Mola David Sasson would lead Hamedan’s Jewish community for nearly the next 40 years. He was largely responsible for handling almost all Jewish communal matters, such as Ketubot (marriage contracts), Shechita (ritual slaughter), Brit Milah (circumcision), and more. He also composed Gitin (divorce contracts) for couples wanting to end their marriage, which was rare until the mid 20th century. He was briefly hired to teach at the Alliance school in Hamedan (which had already been introduced in other Iranian cities by European donors and educators). He later ran the local Otzar Hatorah school in Hamedan (also known in Farsi as ‘Ganj-e-Danesh’) which was founded by Rabbi Yitzchak Meir Levi zt”l.
In addition to his roles of Av Bet Din in Hamedan and teacher at the Otzar Hatorah school, Mola David Sasson also led the synagogue known as Kenisa-ye Mola Rabi (or the synagogue of Mola Rabi). Also known as “Kenisa-ye Yaqub Yari,” this was Hamedan’s second oldest synagogue. Before himself, Mola David’s father, Mola Yehuda, led the synagogue. In addition to these duties, Mola David was also responsible for the maintenance of the tomb of Esther and Mordechai, which was located in Hamedan. His father and grandfather before him also held this sacred responsibility. Towards the end of his life, Mola David Sasson relocated to Tehran in order to be with his children. He passed away on Rosh Chodesh Nissan 1974 (March 24) at the age of 95, survived by 7 children.
About the Book
In January 2022, Magen Avot Publishing printed the teshuvot (halachic responsa) of Mola David Sasson Rabban. While many books containing teshuvot have been printed from other Sephardic countries (such as Iraq, Morocco, Egypt and Syria), this is the first time a work of this kind from a Persian Rabbi has ever been published. The teshuvot were kept in a handwritten manuscript, and it is one of the many literary works that Mola David Sasson left behind. The vast majority of his manuscripts were sent to Eretz Yisrael (together with his large collection of books) through Otzar Hatorah, after his passing. It is unknown where those books and manuscripts are today. This particular manuscript is only one of the few works that survived.
Reading the actual responsa enables readers to have a better understanding and appreciation of Jewish life in 20th century Iran, both for a Mola and the Jewish community at large. Mola David Sasson not only answered questions from other Rabbis throughout Iran, but he also corresponded with Rabbis from Baghdad and Jerusalem as well. The most common topics discussed in his responsa and letters in the book are: (a) Matters of inheritance (yerusha); (b) Matters of marriage and divorce (including Yibum); (c) Letters of recommendation for travelers, particularly those going to Israel; and (d) Matters involving civil disputes and other general questions.

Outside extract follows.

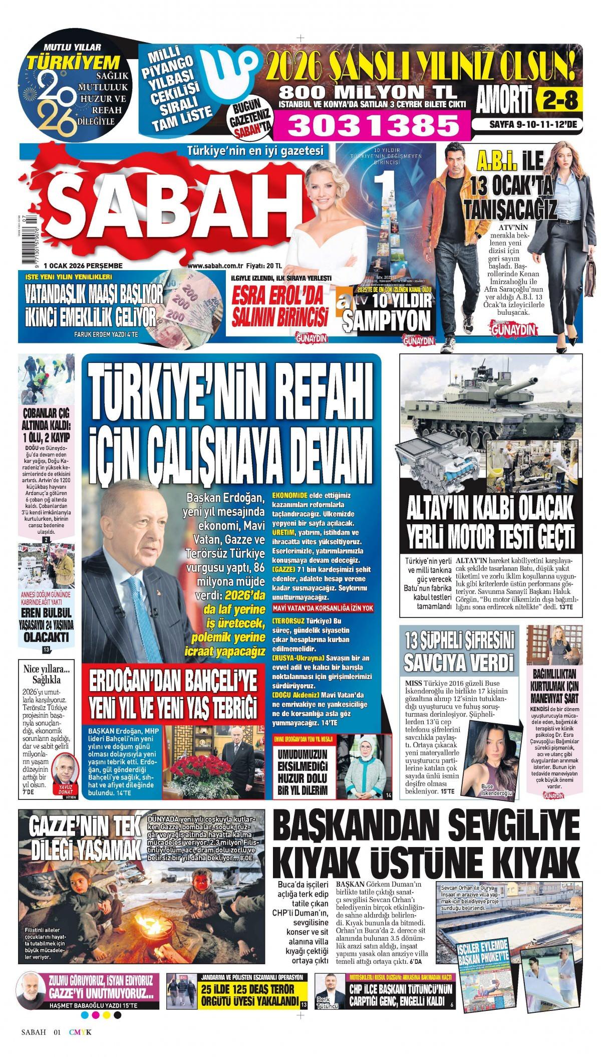 Sabah Gazetesi 1 Ocak 2026 Günü Manşeti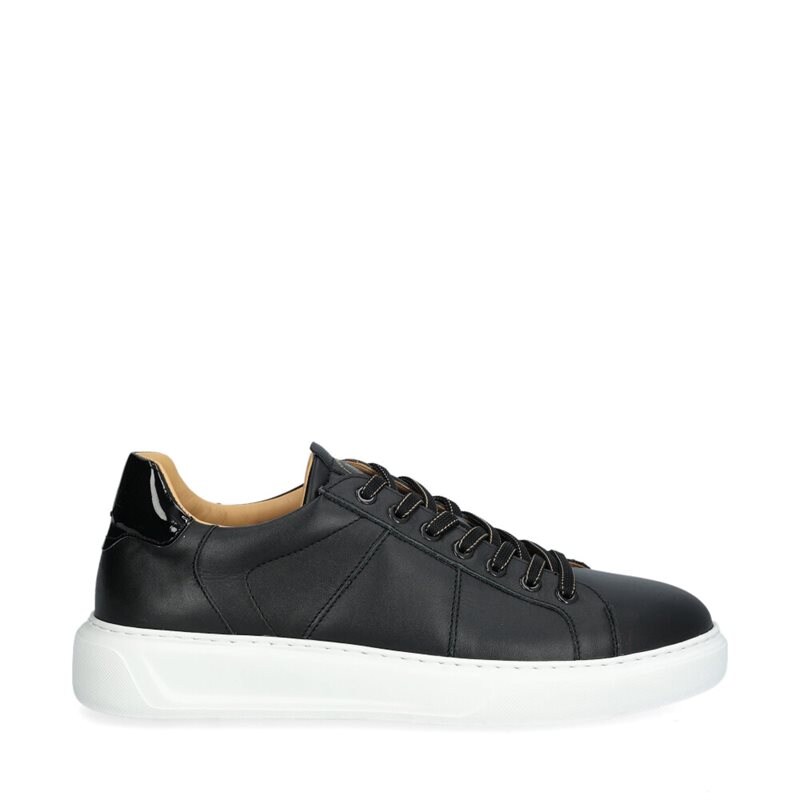 Padua, stilrena sneakers i svart skinn från Novita Man. Bakkappa i blanksvart skinn och fodrade med kalvskinnsfoder av premiumkvalitet. Snörning med svarta öljetter. Uttagbara innersulor, vit lättviktssula av EVA. Ett par svarta snören medföljer i skolådan. Stor i storleken.

From the sources references in the teshuvot, it’s clear that Mola David Sasson had access to a near
complete library of Rabinnic sources. The sources he relies on include the Shulchan Aruch; Rambam; Rosh; Rif; Mordechi; Rabbenu Yerucham; and Rivash. Later sources include: Rama (both his glosses on the Shulchan Aruch, and his book Darkei Moshe); Perisha Udrisha; Be’er Hetev; Bayit Chadash; Magen Avraham; Eshel Avraham (Butchach); and the Bet Shemuel. Understandably, multiple references are made to Rabbenu Yosef Hayim of Baghdad (Ben Ish Hai), who had a significant impact on Iran’s Jewish community. His works referenced by Mola David Sasson include Ben Ish Hai and Rav Pe’alim.